I think you are confusing market timing with buying on a low. My point about buying last friday after the huge drop was long term you couldn't go wrong. i chickened out thinking the market wasn't done falling and it may not be but after that huge fall it was a buy opportunity I may have missed. Now I'm in the position to buy at this point or hope for another drop and jump in then. Impossible to know where and when we hit bottom and you can't go wrong getting in right now but ideally I'd like to invest after a huge fall not after a huge jump.
Well I've been unlucky plenty but in this market you would have to be an idiot not to have made good money since 2016. The economic news that drives this market is still strong and will continue to rise unless something drastically changes. Now this time I got lucky on timing but it was a pretty safe bet to know a rally was coming. I'm watching closely this morning ready to pull some out if I need too.
At this point, March 3rd, the indication seems to be that the virus is spreading much faster outside China than inside. This is based on observations and assessments made over the past month of February. And, if we are to believe the Chinese data, the virus is barely increasing there at all -- and in the Wuhan area least of all...! This suggests that that virus will spread around the world in a thin 'blast-wave' of infections, inflict a relatively small number of casualties (especially in 'First-World' countries), and be essentially 'over-with' by late Spring. But, look for the internationalist central banks (Fed, ECB, Bank of England, Bank of Japan, et al) to flood the world with astounding amounts of new, imaginary money while they slash interest rates toward ZERO (if they're in countries where this hasn't happened already). A real 'Beggar's Banquet'.... Household debt in the United States, which is already at the highest levels in history, will continue to SOAR. Nobody will have money left in savings accounts anymore, and everybody in the Wall Street casinos will be happier than 'pigs in sh!t'.... Enjoy!

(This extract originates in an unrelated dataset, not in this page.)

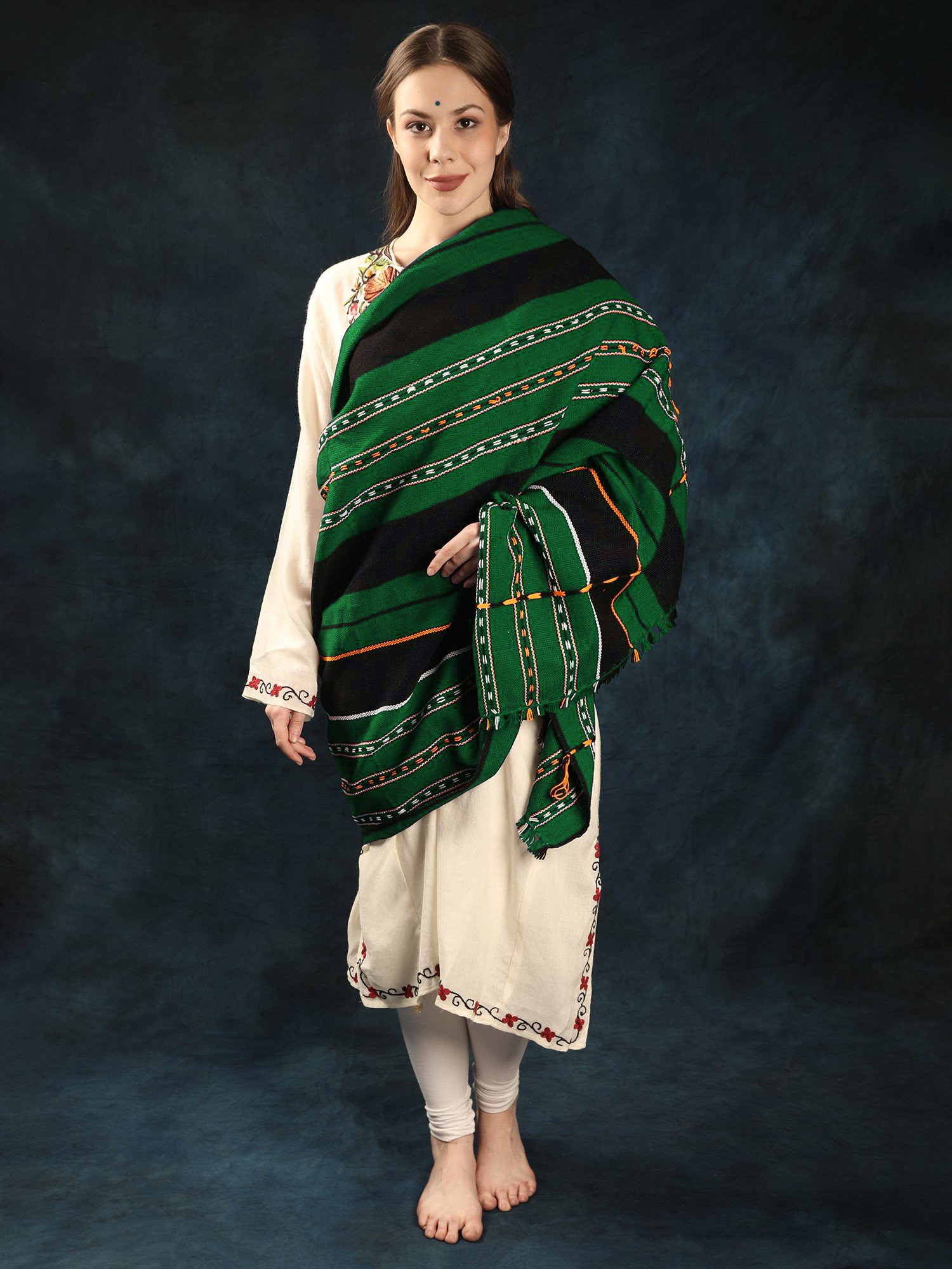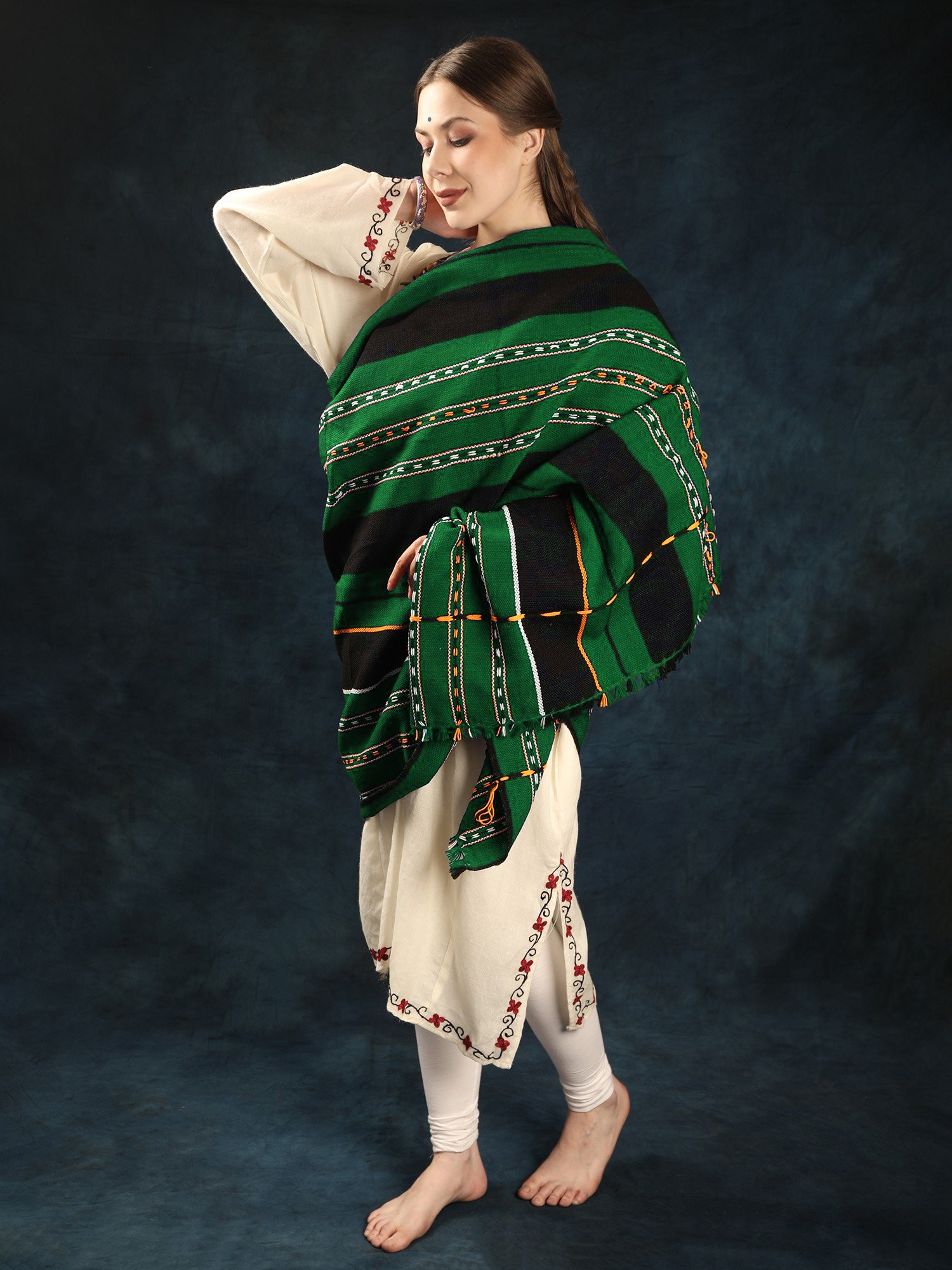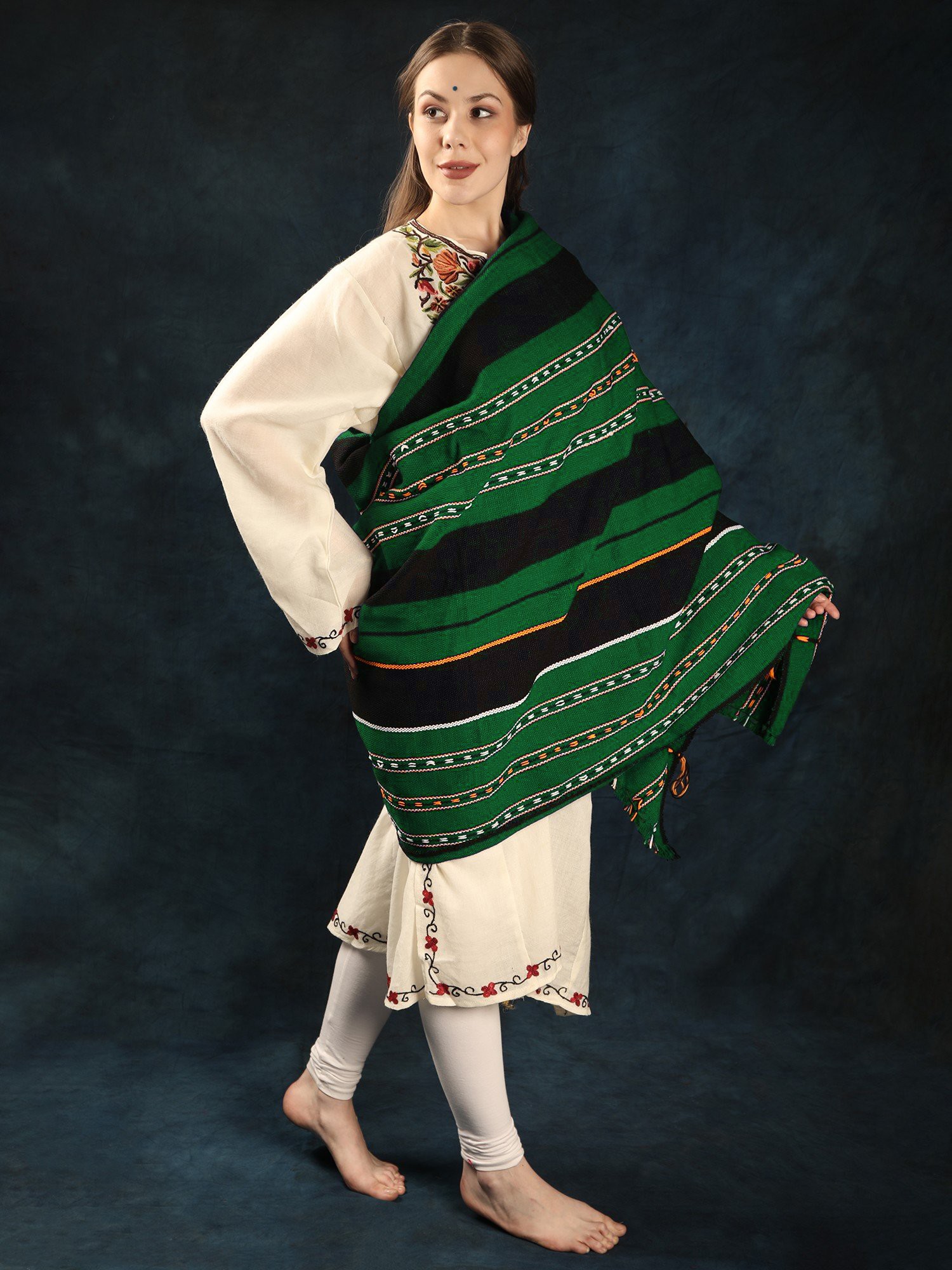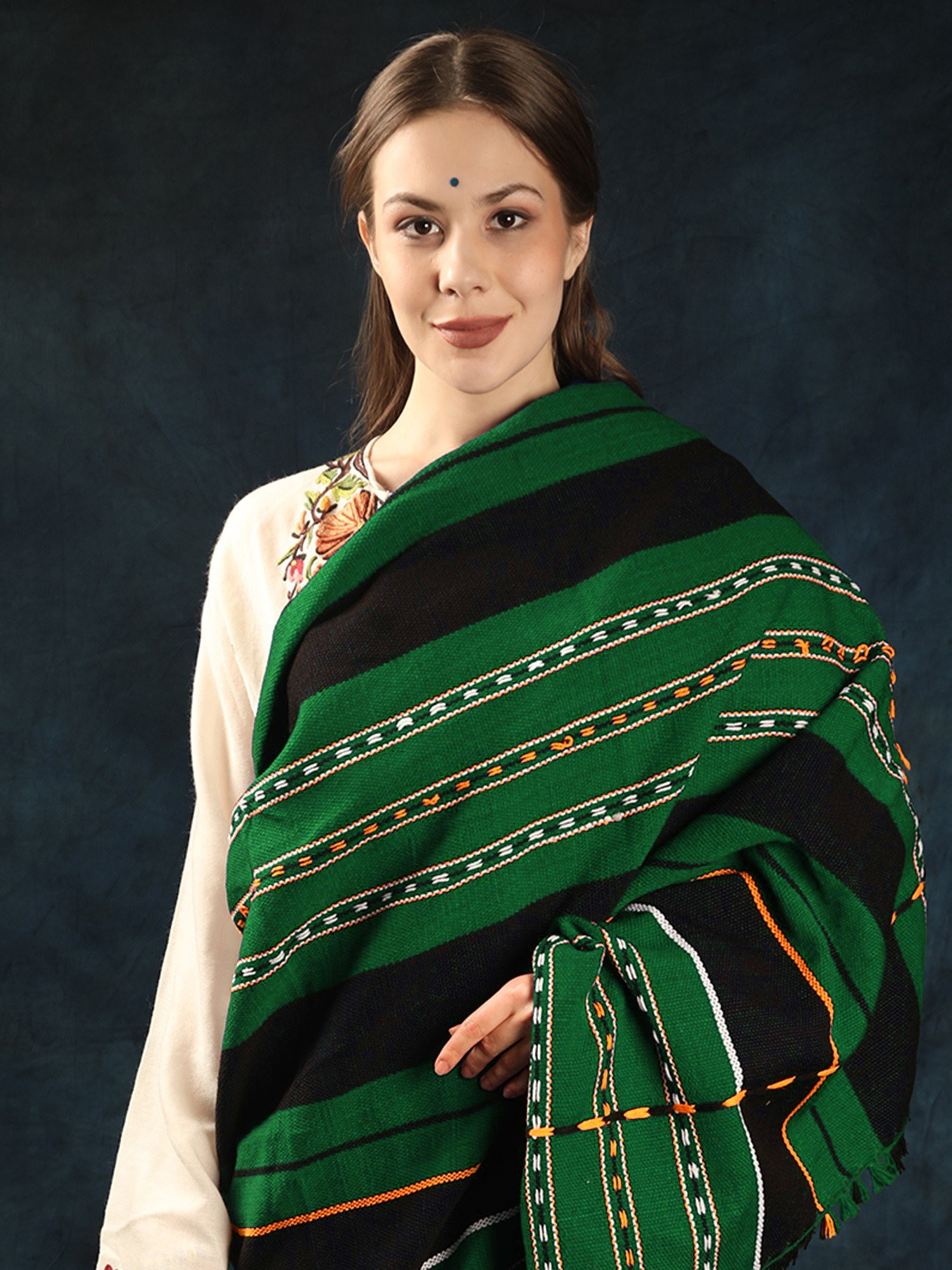 With this shawl, you may experience the essence of Nagaland's heritage and infuse your outfit with an aura of indigenous charm. This “folk shawl” captures the essence of Nagaland's rich colorful legacy, with each thread embroidered with narratives of tradition. Adorned with stripe patterns, it symbolizes the resilience and unity of its people. Its warmth is equaled only by its beauty, thanks to its superior wool construction. Wrap yourself in its embrace during chilly evenings, or drape it gracefully over your shoulders to exude eternal charm.

The reason why China is getting things under control is because they put whole cities on lock down for more than a month. Are we prepared to do this? I think when we get to that point, it will be too late.
Trying to buy on a low IS market timing, since you never know when the low will be. Your experience from last Friday should have emphasized that point to you. However, I doubt you were listening, and you'll market time again - at your own peril.

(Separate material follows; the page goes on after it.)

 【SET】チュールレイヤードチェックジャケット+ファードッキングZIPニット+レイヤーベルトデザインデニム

So your plan i s buy any time the urge strikes? Pay no attention to what the market is doing? Buying on a low is common sense not market timing.
The best we can do is learn to crack down immediately (with only a very small part of the picture known) on POE, international flights, and borders for the next emergency, and call COVID-19 a learning experience.
Bush's tax cuts didn't hurt me until Obama let them expire in January 2013. Suddenly the cost I'd pay for my gas and water bill was eaten up in taxes. Trump's tax cuts added even more back to my check than Bush's tax cuts. 8 years of those wars took place under Obama. Last but not least, government insurance would absolutely NOT be less overall for America, and I don't know how you feel about sitting on a waiting list for months like citizens in gov healthcare countries, but I don't like the sound of it. Do you really feel the way you post or do you hate Trump so much that you'd sit back with a bucket of popcorn and blissfully watch the country get destroyed as long as it meant that Trump was no longer your president?
LOL yeah. "I think you are confusing market timing with.." and then proceeds to describe market timing. Too funny.